Наш дом стоял на окраине Невинномысска, и во время каникул мы целыми днями пропадали на окрестных прудах, в лесополосе или уходили еще дальше, на Кубань, где играя в войнушку, лазали по прибрежным оврагам. Поскольку родителей о длительных отлучках не предупреждали, на обратном пути я фантазировал:
– Вот бы гости сейчас приехали. При них папа пороть бы не стал, а потом, может, и совсем забыл бы…
– Мечтай, мечтай, – бурчал брат. – Все равно попадет.
Не ошибался, конечно… Как старшему ему доставалось первому. Помню: отцовский ремень гуляет по Валеркиному заду, брат молчит, а я за него ору, предвкушая неминуемый черед.
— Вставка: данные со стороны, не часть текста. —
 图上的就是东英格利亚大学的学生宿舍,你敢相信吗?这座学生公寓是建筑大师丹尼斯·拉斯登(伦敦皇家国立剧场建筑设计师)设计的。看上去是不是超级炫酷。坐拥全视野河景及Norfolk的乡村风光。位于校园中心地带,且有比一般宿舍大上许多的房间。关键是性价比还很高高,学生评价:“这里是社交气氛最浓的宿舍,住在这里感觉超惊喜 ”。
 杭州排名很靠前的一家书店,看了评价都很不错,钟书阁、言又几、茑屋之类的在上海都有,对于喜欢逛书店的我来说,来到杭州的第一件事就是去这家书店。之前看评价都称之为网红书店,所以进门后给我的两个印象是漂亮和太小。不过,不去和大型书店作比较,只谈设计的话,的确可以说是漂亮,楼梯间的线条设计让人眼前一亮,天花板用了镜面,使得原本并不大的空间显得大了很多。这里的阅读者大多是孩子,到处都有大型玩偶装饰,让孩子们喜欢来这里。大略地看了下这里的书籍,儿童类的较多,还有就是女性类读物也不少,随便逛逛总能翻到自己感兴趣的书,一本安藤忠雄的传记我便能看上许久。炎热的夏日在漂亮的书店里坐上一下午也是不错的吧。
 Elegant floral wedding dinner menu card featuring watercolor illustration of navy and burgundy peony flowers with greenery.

У родителей хватало мудрости не делать «стрелочником» Валеру только потому, что старший. Когда папа порол брата, мама повторяла: «И малому не забудь, и малому! Он не меньше виноват!»
Меня и к посильной работе приучали с самых ранних лет. Когда отец ставил дом, вся семья была у него в подручных. Мама помогала настилать крышу: залезала на леса, подавала тяжелые доски, коробки с гвоздями. На холодном ветру штукатурила стены, а я, первоклассник, просеивал ледяной песок. До сих пор удивляюсь, как она потом загрубевшими пальцами в мозолях, трещинах и занозах играла на пианино в детском саду, где была музыкальным работником.
Мы с братом никогда не видели родителей в безделье: мама содержала в идеальном порядке дом, занималась огородом, варила варенье, закатывала на зиму батарею банок с помидорами-огурцами. Отец, работавший помощником машиниста на паровозе, все выходные проводил в мастерской, делал на продажу кухонные столы – с полочками, ящичками, красивыми ручками.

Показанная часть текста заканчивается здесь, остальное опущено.